With the war against Iraq, the US has made it unmistakably clear that it no longer respects these international institutions and regulations. In pursuing its own interests, it relies exclusively on its own military strength. At the same time, the US leaves no doubts that the subjugation of Iraq is only a first step. The final goal is the reorganisation of the entire region and the establishment of a new world order according to the needs of American capital. That is the essential content of the new American doctrine of preventive war.
Europe reacts by arming itself. Regardless of their attitude to the Iraq war, the European governments are agreed that they need an independent arms industry and their own military capacity, enabling them to intervene globally and conduct their own preventive wars.
The beginning of the twenty-first century thereby increasingly resembles that of the twentieth century, when two world wars devastated Europe and large parts of the world. The cause of the two world wars was the incompatibility of the national state with an economic system that encompasses the entire world. The leading Marxists of that time understood this very well. At the beginning of the First World War, Leon Trotsky wrote: “The objective sense of the war consists in destroying the present national economic centres in the name of the world economy. Imperialism does not strive to solve this task on the basis of the deliberately organised cooperation of all productive mankind, but on the basis of the exploitation of the world economy by the capitalist class of the victorious country, which seeks in this war to become a world power, not just a great power.”
There are only two possibilities of resolving the contradiction between the world economy and nation state: The capitalist way—reorganising the world by force under the supremacy of the strongest imperialist power—and the socialist way—overcoming the nation state by the planned cooperation of all the peoples on a socialist basis.
In 1914, Germany, as the most dynamic economic power on the continent, tried to organise Europe anew and plunged the continent into a bloodbath. The other possibility was shown by the October Revolution in Russia. The victorious Bolsheviks immediately withdrew from the war and won enormous popularity among the workers of all Europe. But the Soviet Union was isolated and degenerated under Stalin’s rule. This, and the defeats of the German workers’ movement, put Germany in a position in 1939 to make a second attempt at subjugating Europe—with even more catastrophic consequences.
A new, relatively stable world order then arose upon the ruins of the Second World War, under the leadership of the victorious power, the USA. But this did not overcome the fundamental contradictions between world economy and nation state. For a long time, the Cold War with the Soviet Union cushioned the conflicts between the imperialist powers, but following the dissolution of the USSR they are breaking out again with increasing violence. The Iraq war marks a turning point in this regard.

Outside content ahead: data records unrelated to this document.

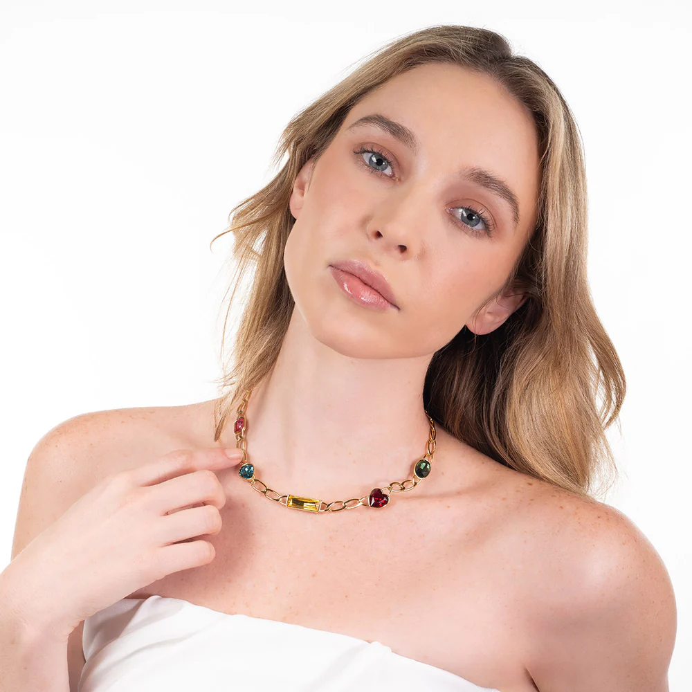 Esta hermosa gargantilla bañada en oro es el accesorio perfecto para añadir un toque de color y sofisticación a tu atuendo. Cuenta con una cadena de eslabones y cinco gemas de diferentes formas y colores, incluyendo ámbar, esmeralda, rojo, azul claro y fucsia. Su diseño versátil la hace ideal para uso diario o para realzar un look casual con un brillo vibrante.
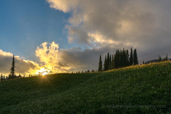 The sun bursts through drifting clouds, casting golden rays across Mount Rainier’s alpine meadows. Captured just before sunset, this peaceful landscape highlights the contrast between warm evening light and the deep greens of the subalpine slopes. A timeless Pacific Northwest mountain scene filled with light, texture, and quiet beauty.
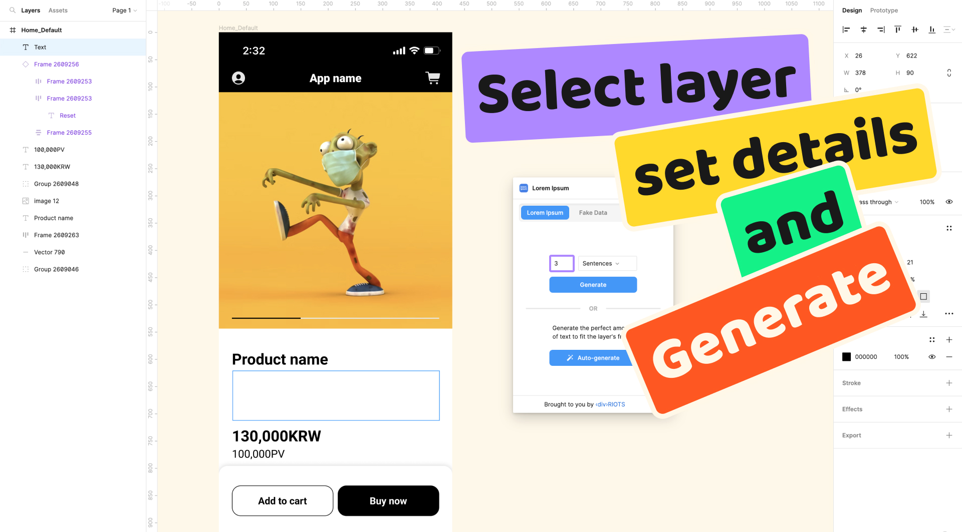 Creating a website or app, but the copy isn't finalized yet? Lorem Ipsum is a Figma plugin that generates—you guessed it—Lorem Ipsum dummy text to fill multiple text layers in designs. The plugin also supports Figma's Quick Actions, allowing you to quickly generate text without even opening the plugin window and choose from eight different generator libraries, including Pirate Ipsum and Pizza Ipsum.

The crisis of American capitalism
The immediate responsibility for the Iraq war is borne by the right-wing clique around President George W. Bush, but its social and economic roots extend far more deeply. The ruling elite is reacting to a fundamental crisis of American and international capitalism. A change of occupant in the White House would not fundamentally alter the direction of American policy—as demonstrated by the almost unanimous support for the war by the Democrats. Behind the war lies the attempt of American capital to overcome its economic decline through the use of military power.
The US emerged from the Cold War as the only military superpower. It presently accounts for nearly 40 percent of worldwide military expenditure. However, its relative weight in the world economy has been declining for a long time. Whereas after the Second World War the US still produced one to two thirds of the most important industrial goods, since then the European Union, Japan, Eastern Asia and China have become serious competitors. At the same time, the US is more than ever dependent on the resources of the world economy. An annual trade deficit of $400 billion, a foreign debt of almost $3 trillion and a budget deficit of $500 billion evidence the increasingly parasitic character of American capitalism. If the supply of fresh capital abates, a heart attack threatens.
The Bush administration pursued three goals in the Iraq war: acquiring control of the second largest oil reserves in the world; the establishment of new military bases in the Middle East, which provide crucial strategic benefits against its European and Asian rivals; and diverting attention from the increasing social and political tensions inside the US.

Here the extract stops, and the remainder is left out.